Ed’s wife, Susan, took an art class for a while. Her teacher said she had a lot of talent. Brenner modeled for her, and so did some of our kids, but most of Susan’s paintings were portraits of her brother, Andrew. He’d been living with Susan and Ed for about two years. This was hard on Ed, although he’d never complained about it. He knew Susan loved her brother. He knew her brother had problems.
Andrew couldn’t hold down a job. He went in and out of rehab, and when he was out, he hung out with our kids. Our kids thought Andrew was cool. The less we liked him, the more time our kids spent with Andrew. Maybe we were just a little jealous of him.
Jeff’s kid, Stan, he and Andrew were thick as thieves. Stan was the one who found Andrew and called the hospital. Susan never said anything, but maybe she blamed Stan. Everybody knew Stan had been getting stuff for Andrew.
Another thing that nobody said: what happened to Andrew, it was probably good for the kids in the long run.
Those paintings-Susan’s paintings-were weird. None of the people in her paintings ever looked very comfortable, and she couldn’t do hands. And there were always these animals in the paintings, looking as if they’d been shot, or gutted, or if they didn’t look dead, they were definitely supposed to be rabid. You worried about the people.

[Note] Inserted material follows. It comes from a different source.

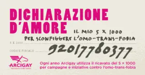 Dichiarazione d’amore, di coraggio, di libertà: il tuo cinque per mille all’Arcigay L’omotransfobia è uno dei grandi nodi irrisolti del nostro Paese: sulle vite delle persone omosessuali e trans, in Italia, si gioca da anni una partita torbida, fatta di molte promesse mancate, baratti, silenzi ipocriti, collateralità evidenti e prepotenti censure. Il “nulla di fatto” …

She hung them up in their house for a while, but they weren’t comfortable paintings. You couldn’t watch TV in the same room with them. And Andrew had this habit, he’d sit on the sofa just under one portrait, and there was another one too, above the TV. Three Andrews was too many.
Once Ed brought Andrew to poker night. Andrew sat awhile and didn’t say anything, and then he said he was going upstairs to get more beer and he never came back. Three days later, the highway patrol found Ed’s car parked under a bridge. Stan and Andrew came home two days after that, and Andrew went back into rehab. Susan used to go visit him and take Stan with her-she’d take her sketchbook. Stan said Andrew would sit there and Susan would draw him and nobody ever said a word.